Yet there was clearly something else going on, whether he wanted to fess up to it or not.
That didn’t mean he didn’t have a thing going on with his neighbor, who Sophie seriously doubted just came to borrow sugar.
Killing her engine, Sophie shook her head and stepped from the car. After smoothing her green pencil skirt and tucking her hair behind her ears, she straightened her shoulders and made her way to his front door. She refused to feel inferior to a woman she didn’t even know.
So what if Sophie didn’t have silicone to fill out her shirt? So what if there was no way in hell she could ever wear heels like that with her limp? And so what if red lipstick made her look washed out and she always chose a sheer gloss? She was proud of who she was. That didn’t mean she had to like someone so blatant sniffing around Zach.
Sighing, Sophie raised her fist and pounded on his door. She didn’t care if he wasn’t decent. It was the middle of the afternoon and his booty call schedule wasn’t keeping Sophie from working on her ideas for Chelsea’s home.
The door jerked open. Zach’s eyes darted to her, then behind her, then back to her.
“Not who you were expecting?” she asked, quirking a brow.

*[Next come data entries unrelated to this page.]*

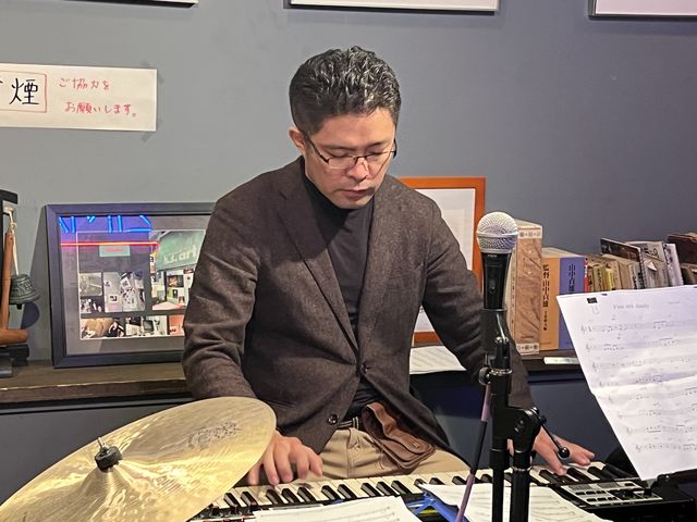 寺島優樹(org)さん、藤田絢三(sax)さん、丸谷茜(ds)さんのトリオです。 寺島さんは、これまで何度もピアニストとしてご出演いただきましたが、オルガンを演奏します。 尚美音大を卒業後、2006年にNYへ短期留学。2008浅草ジャズコンテストソロ部門でグランプリ受賞。2015年再びNYへ行き、ハモンドオルガンに感銘を受けたとのこと。 藤田さんは、明治大学ジャズ研究会でバンド・マスターを務め、早稲田大学モダン・ジャズ研究会にも所属。1990年より、バークリー音楽院パフォーマンス・サックス科に留学し、帰国後は、自らのユニットでのラ
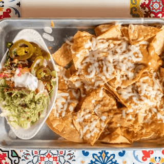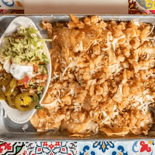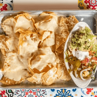 Chips topped with cheese dip served with lettuce, guacamole, sour cream, pico de gallo, and jalapeños on the side.
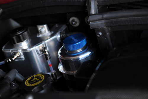 『レーシングPSタンク』はエンジンの高回転域におけるフルードの気泡をスワール効果(渦巻き)により抑制する特殊二重構造のパワステ用アルミタンク。純正と交換するだけで高温・高回転・高負荷という激しい状況下においても、リニアで安定したステアリングフィールを実現するという。
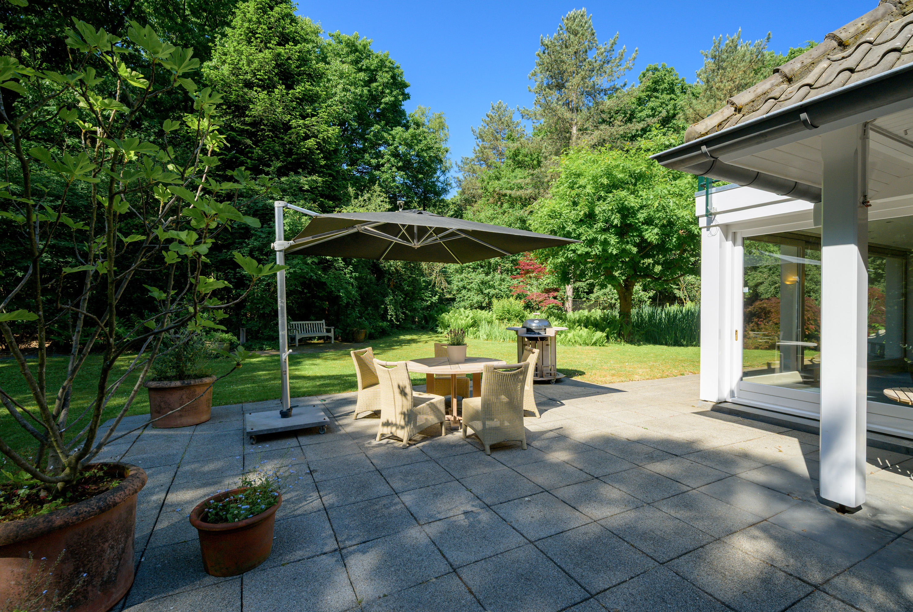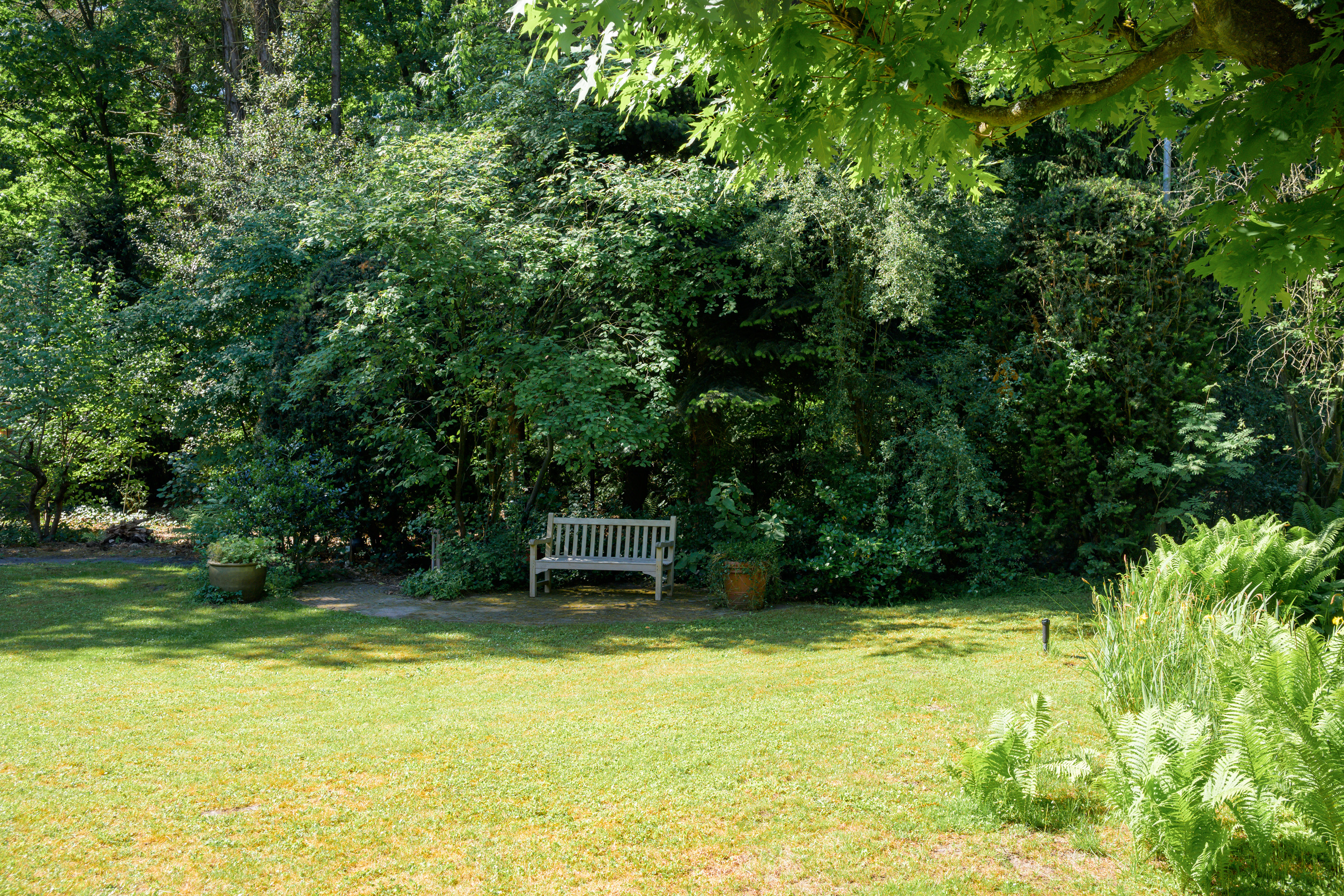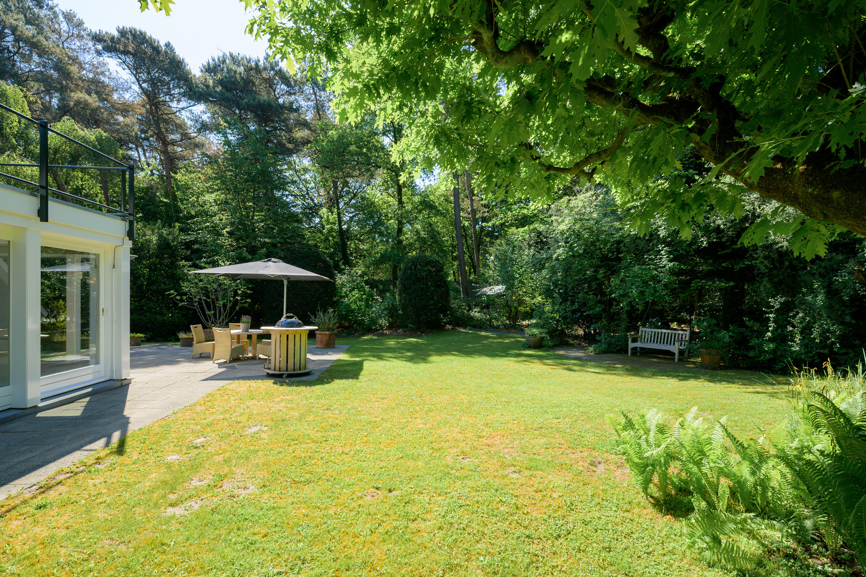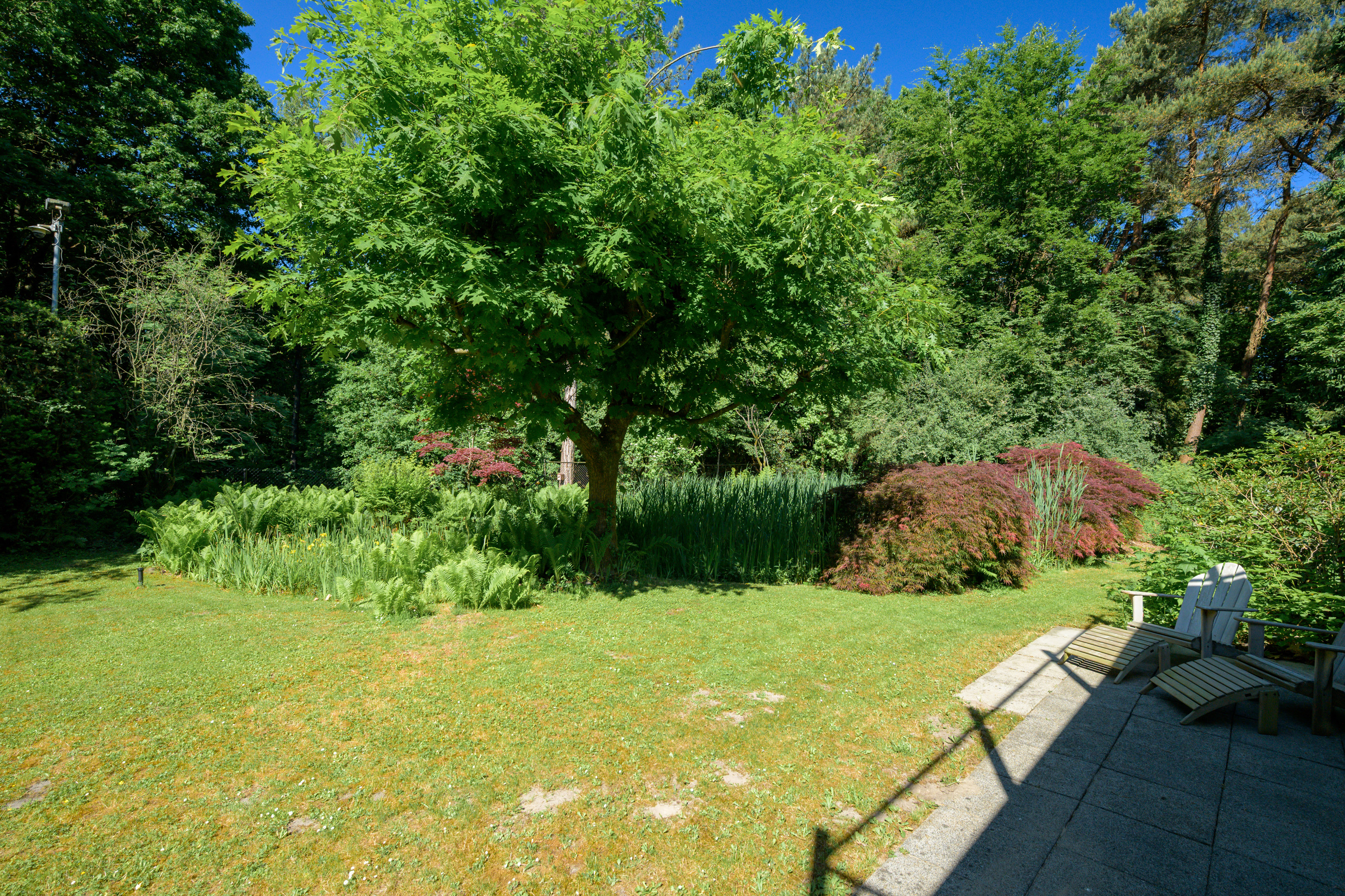 The stunning, park-like (woodland) garden surrounds the home and offers complete privacy and the enjoyment of outdoor living. Its location is unique—quiet and green, yet close to all amenities.
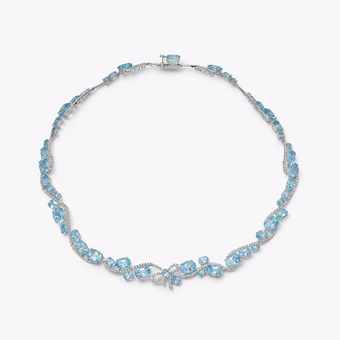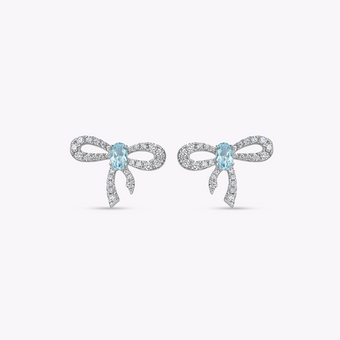 Kiki introduced blue topaz in the early 90s, and this has become arguably her most popular gemstone. A soft sky-blue hue is her chosen colour, and many customers (including brides searching for their something blue) reach for this gem time and time again due to its beauty and versatility. Kiki’s first ever design included a sophisticated bow motif, so the blue topaz pieces in this collection honour this legacy with diamond ribbons running throughout.

She had no idea how she expected him to answer the door, but shirtless with a pair of running shorts low on his hips hadn’t crossed her mind. When she’d thought of him not being decent, she hadn’t thought far enough ahead to an actual scenario . . . not that any image in her mind could compare to the real, beautiful vision.
That tattoo she’d seen peeking from his shirt scrolled up and over his taut shoulder. Ink over muscle . . . She’d never thought about it before, but this was a new level of sexy.
“Get in here,” he growled as he turned from the door.
“You look like you’ve had a rough night.”
The lady leaving the scene of the crime might have played a part in that, if Zach’s messed-up hair was any indication. Sophie hated the thought of another woman raking her nails over Zach, but she was also realistic and knew he wasn’t a monk.
By the time she stepped in and closed the door behind her, Zach grunted in response and disappeared down the hall. Sophie followed, assuming that’s what her gracious host had intended.
As soon as she rounded the corner to his laundry area, she stopped short.
“Not one word,” he grumbled. “We’ve been up all night and I’m not in the mood for a snarky comment.”
Big, bearded, burly Zach cradled a puppy in one bulky, muscular arm and tried to wedge the tip of a bottle between the pup’s little lips.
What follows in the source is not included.